Getting your foot in the door for the career you want can be a little nerve-wracking. That’s why it would likely benefit you to have a career mentor in your life to help shape you as a professional and teach you the insider tricks of your industry. If you’re looking for someone to teach you how to climb the ladder but don’t know how to go about it, read on.
Ask yourself about your career and life goals.
Where do you see yourself in five years? You might want to figure that out before you reach out and potentially ask for another person’s guidance. Before you establish who you want to build this relationship, you need to ask yourself why you’re choosing said person. What is it that you want out of your career? What are your interests?
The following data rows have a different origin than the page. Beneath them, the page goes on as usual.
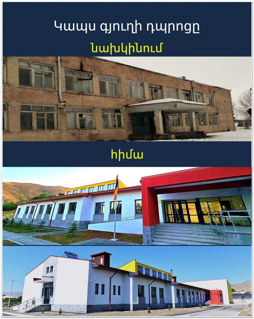 ՀՀ վարչապետի աշխատակազմի ղեկավարի տեղակալ Տարոն Չախոյանը «Ֆեյսբուք»-ի իր էջում լուսանկարներ է հրապարակել Կապսի դպրոցի նախկին ու ներկա տեսքից՝ գրելով.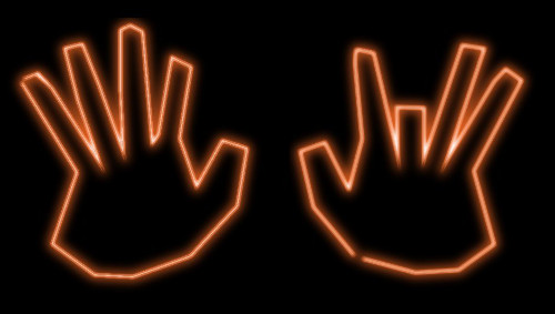 Spread your hands out with their backs facing you and thumbs and number them 1 to 10 to signify which number is to be the multiplier. Whichever number is to be multiplied will need bending down. We will only be using two digit numbers so numbers so tens are two the left of the bended digit and ones are two the left.
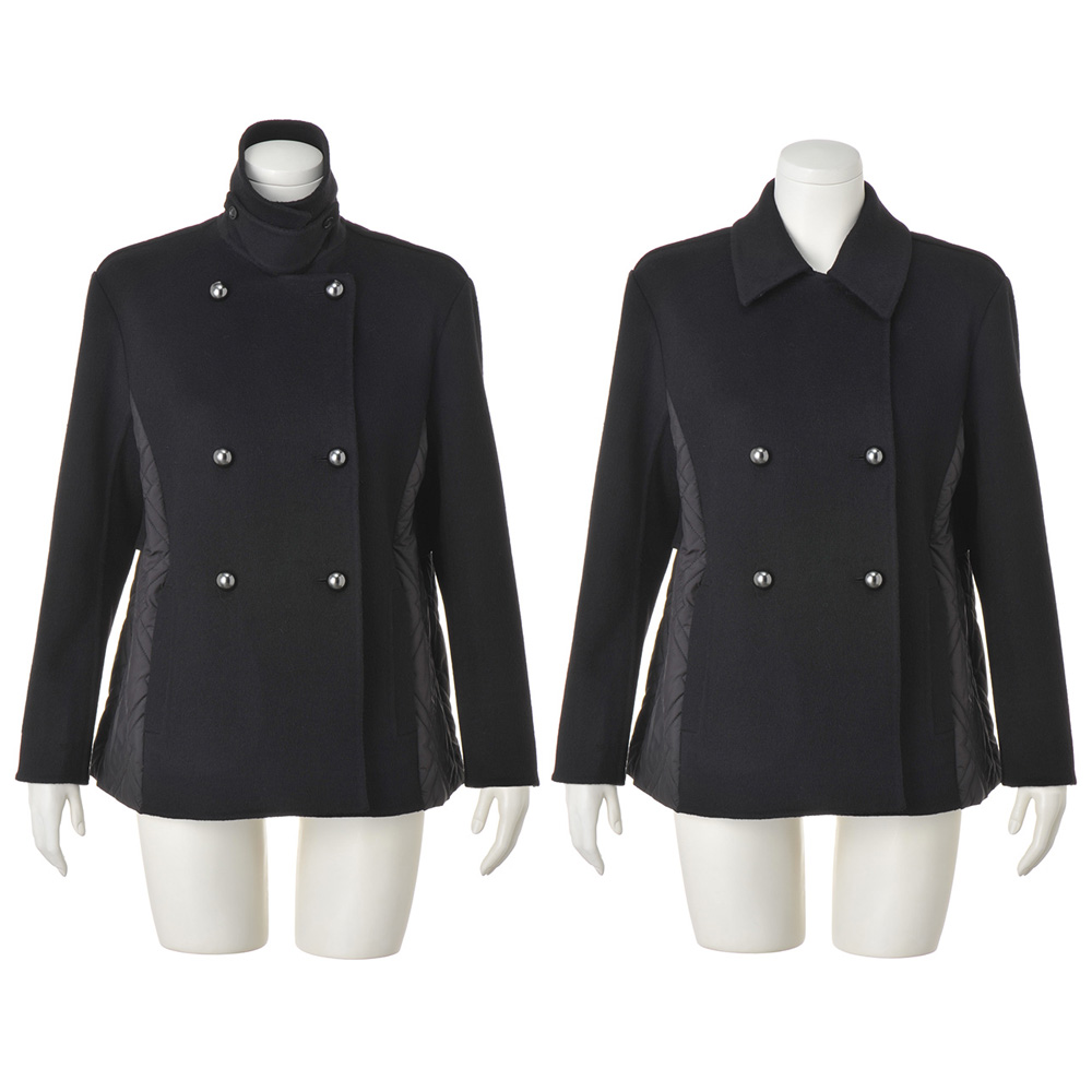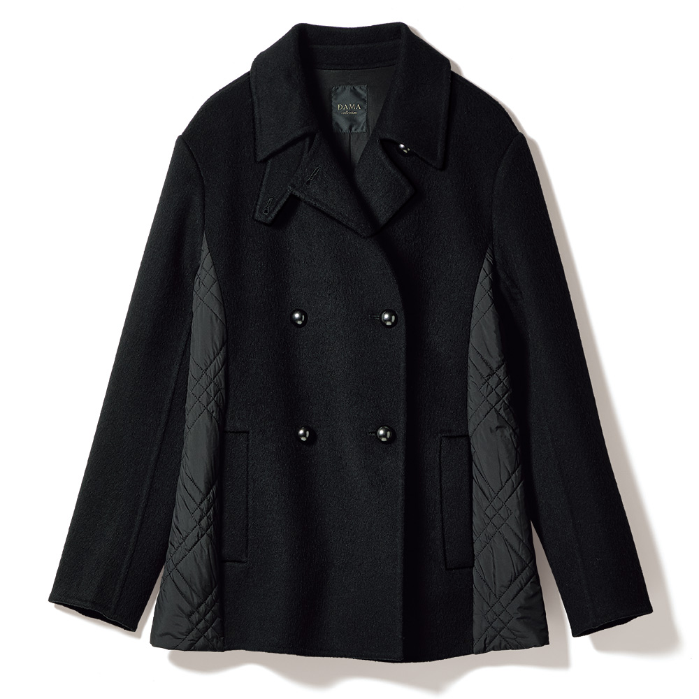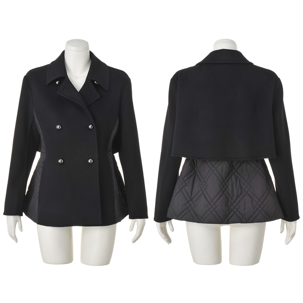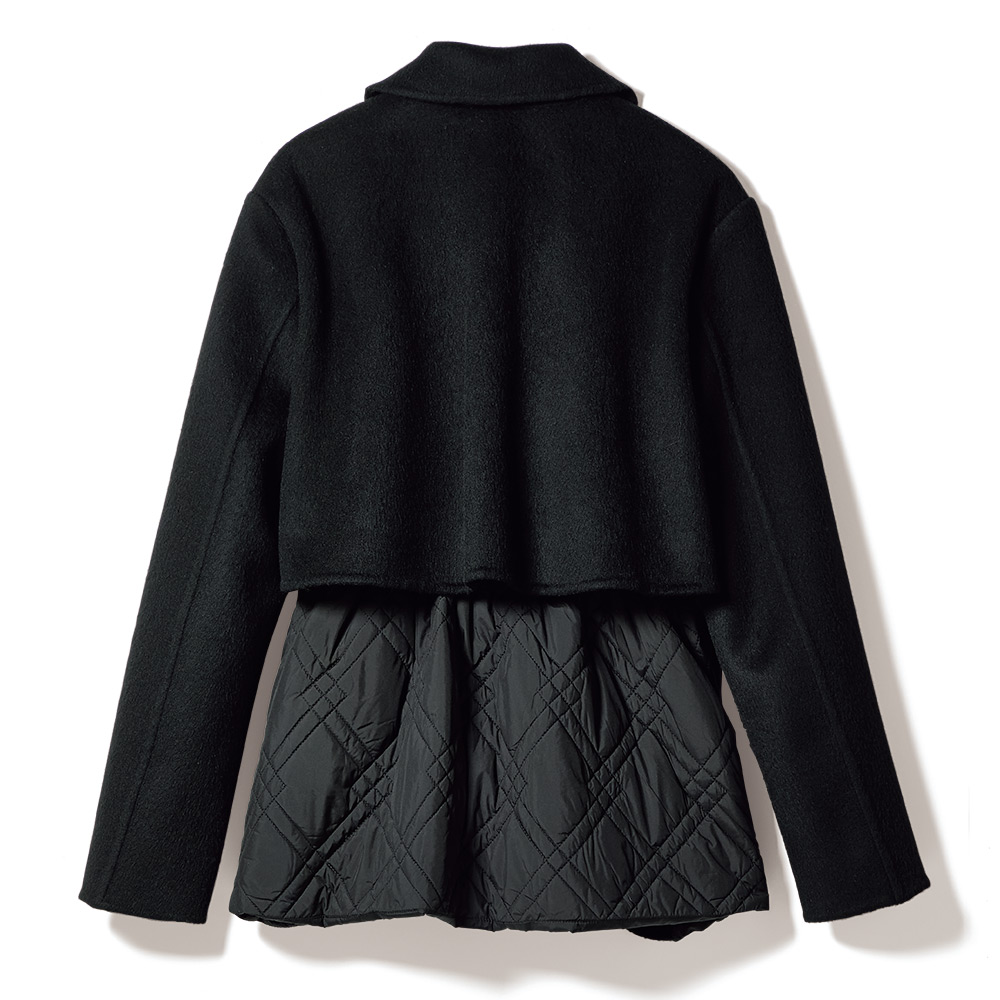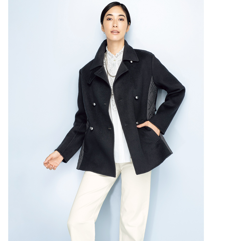 端正なピーコートに異素材を重ね、軽さと温もりを添えて寒の戻りなど、まだまだアウターが手放せない季節。2つの素材を大胆にドッキングして、軽やかな着心地と暖かさが魅力のアウターに。ピーコート風の前身頃と袖、ヨークには、ふっくらと柔らかなカシミヤをブレンドし、しなやかな風合いを表現したウール混ダブルフェイス素材を使用。脇と後ろ身頃は中わた入りのキルト生地で仕立て、上からヨークを重ねています。キルトは視覚的な細見えを後押しするバイアスダブルステッチをセレクト。襟はチンウォーマー付きで、上まで閉じても美しく決まり、存在感あるメタルボタンが上品なクラス感を添えます。さらに、キルト地の内側のドローコードでウエストを絞ることができ、ゆったりシルエットから、ギャザーを寄せたくびれシルエットまで、アレンジも自由自在です。≫ POINT後ろ身頃はキルト地に布帛のヨークを重ねて暖かな着心地。内側のドローストリングを調節して2つのシルエットを楽しめます。

Why is this the person that can help you? It may take a while but, once you form a clear idea of what you want, you’ll have a better shot at getting involved with whoever you admire professionally on a personal level.
Identify your target and pick a fitting career mentor.
So now that you’ve figured out what you want and why, it’s time to establish who. Is there a specific person in your life that you look up to? A good way to start is to think of people in the organizations that you’re involved with on campus or the professors in your department. And, if you’re in the middle of an internship, you can even reach out to your supervisor or someone else in the office whose work you admire.
Do your research on potential mentors, employers and companies.
Make sure you make the effort to find out more about what the person you’re reaching out to does. And, if their job title is a title you hope to have someday, turn to your handy friend Google and try finding more information on what it’s like to be in that position, what people who hold that title normally do, how competitive it is, etc.
Start the professional conversation and reach out through social media.
To start, try connecting with your prospective mentor on LinkedIn. Make sure that, when you send them an invitation, you personalize the message that’s sent along with it, stating who you are and why you’d like to be connected with this person. You could also follow them on more informal social platforms. If they’re active on Instagram or Twitter, chances are they don’t hide too much about what they do for a living. Ease your way into things by making sure they know you’re interested in who they are and what they do, i.e. replying to a funny tweet or commenting on some of their posts.
Make your move to talk professionally outside of the office.
Once you feel comfortable, try reaching out to them to set up a coffee or lunch date during which you can talk about your career goals and ask for their mentorship. Before asking, just make sure that you both feel comfortable around each other and that what you want aligns with what they can teach you.